Fourteen-year-old Kenna vividly remembers the night she was forced to leave her home to flee the typhoon that would change her young life. She and her family were among the 16 million Filipinos affected by Super Typhoon Haiyan on 8 November last year, when it ripped across parts of the Philippines, killing more than 6,000 people, with many others still missing, and damaging 1.1 million homes.

Today, Kenna’s village is among the many typhoon-affected communities in the Visayas region that are displaying visible signs of recovery. Shiny new corrugated steel roofing casts glimmers in the morning and afternoon sun. Tall banners announcing the reopening of larger businesses dot street lamps and billboards along main thoroughfares all over Tacloban City. Children can be seen on their way to and from school, sporting identical school bags provided by aid agencies.

Kenna (pictured above) is back in school.
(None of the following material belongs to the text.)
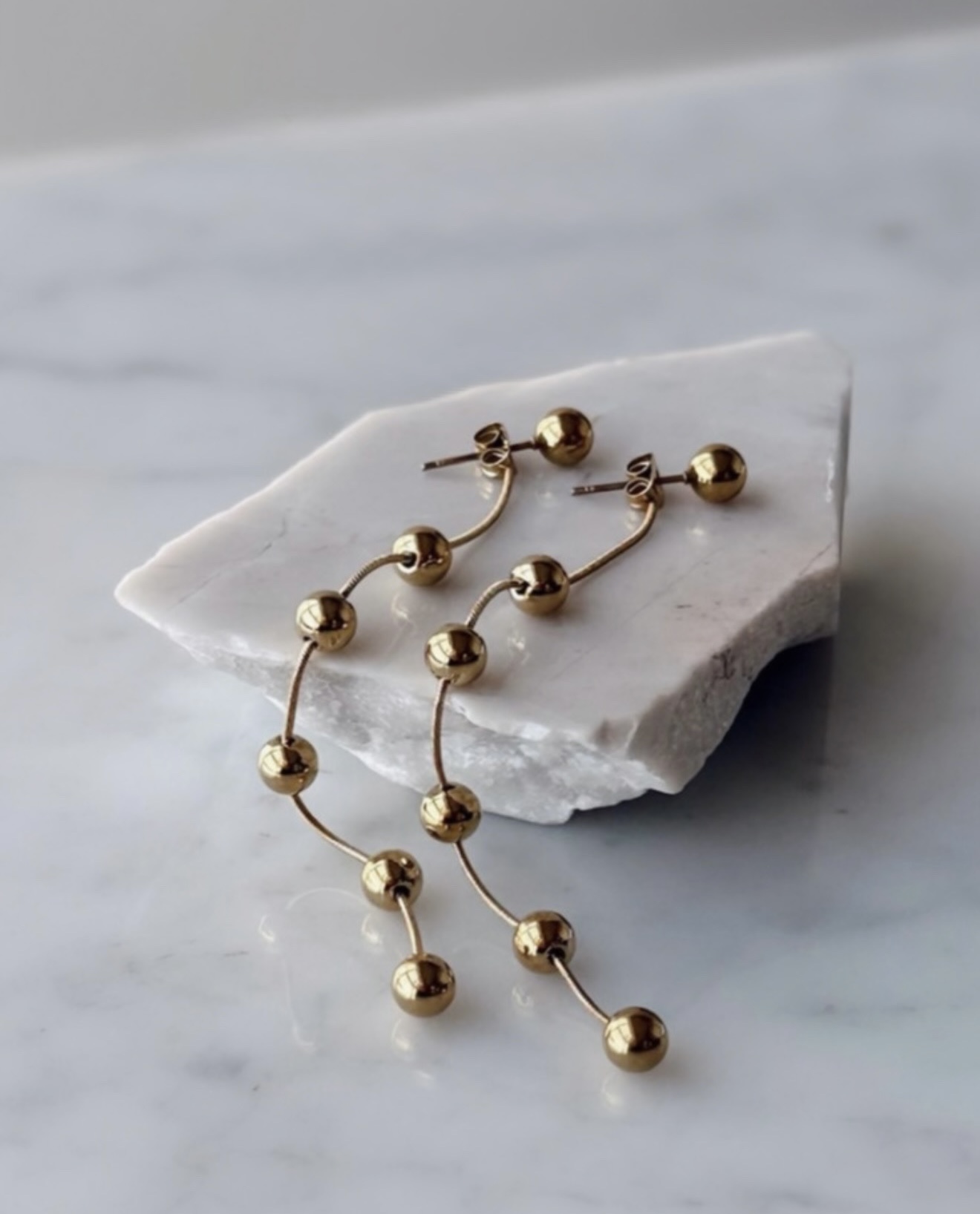 Este brinco é composto por esferas banhadas em ouro distribuídas ao longo de uma armação curvada, que confere movimento e charme ao acessório. Seu fechamento é do tipo tarraxa, garantindo segurança e praticidade. O banho dourado proporciona uma aparência refinada e destaca qualquer produção.

She’s now in the Grade 10. Yet for her and millions of others, the catastrophic events of November 8 2013 remain fresh in their memories. She is just glad she can now help other children who went through the same experience as her.

In the months after Haiyan, Kenna attended a ChildFund-supported Child-Centred Space (CCS) in her community, which had been set up to provide a safe place for children affected by the disaster. It was here that she learned to process her fears and emotions from that terrifying night.
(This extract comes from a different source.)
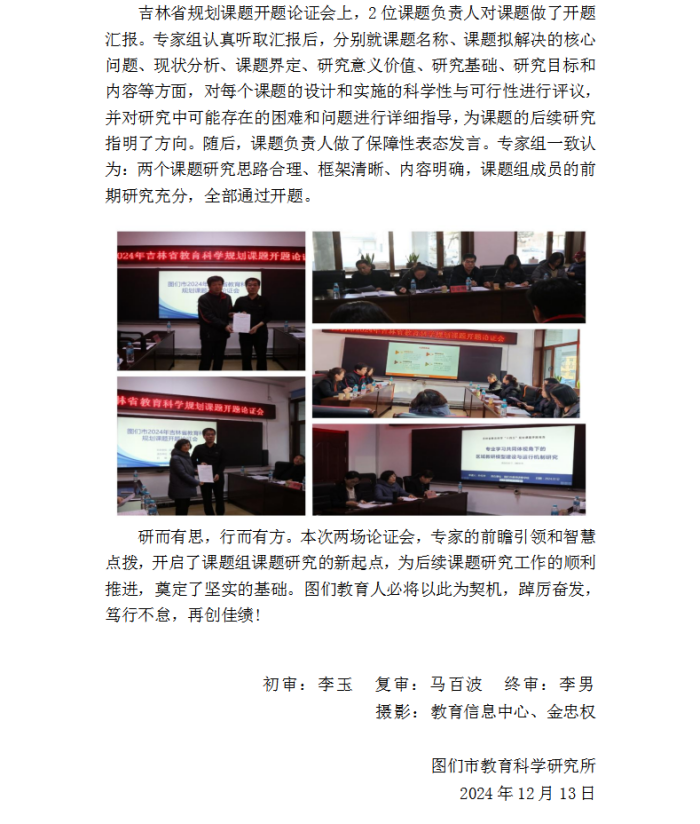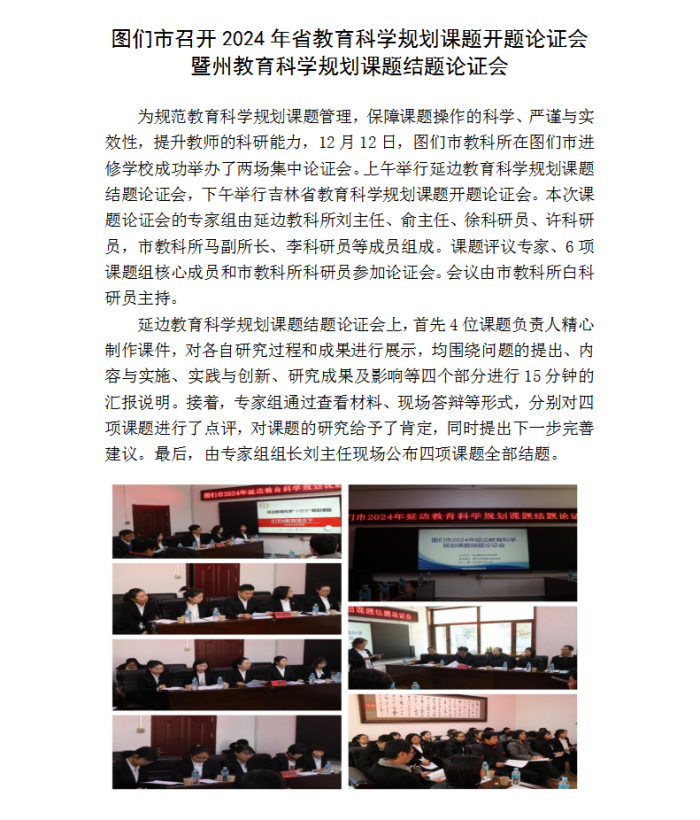 图们市召开2024年省教育科学规划课题开题论证会暨州教育科学规划课题结题论证会

Altogether, ChildFund Philippines set up 22 centres in typhoon-affected communities where children could gather, play and receive trauma support. When school resumed in January this year, the spaces were used as temporary classrooms to substitute for school buildings that were destroyed or damaged by the typhoon.

ChildFund youth volunteers are still helping to run games and activities at our Child-Centred Spaces for children on the weekends

The CCS are still very active today. They’re open on the weekend when children are off school, providing nutritious food and safe drinking water, and giving children a safe space to play and receive support from trained volunteers. Kenna is now one of those volunteers.

“Each day of the weekend, I get about 60 to 100 children attending CCS,” Kenna says. “Such numbers can get unruly sometimes, especially among the younger kids, but you just need lots of patience.”

After receiving support herself at her local CCS, Kenna was determined to extend the same support to other children her age and younger. She trained with ChildFund to learn the science behind the games and other activities that are run at the CCS. Kenna and her peers also learned about child protection, particularly in the context of a post-emergency situation, where circumstances remain difficult as people are still recovering and infrastructure is being repaired.

Asked how much longer she will volunteer with ChildFund, Kenna is resolute in her answer: “As long as I’m still needed.”

Following a massive relief effort, ChildFund Philippines and its local partners are now working on the recovery phase of our Haiyan emergency response. For the next three to five years, this will include helping to restore livelihoods, strengthening community-based child protection mechanisms and providing disaster risk management and emergency response training for local communities. The work of local communities, including volunteers like Kenna, is absolutely vital to this ongoing effort.

One year on from Typhoon Haiyan, ChildFund Australia would again like to thank our Project Humanity partners and everyone who donated to support our relief and recovery work in the Philippines. More than $620,000 has been donated to date. Thank you!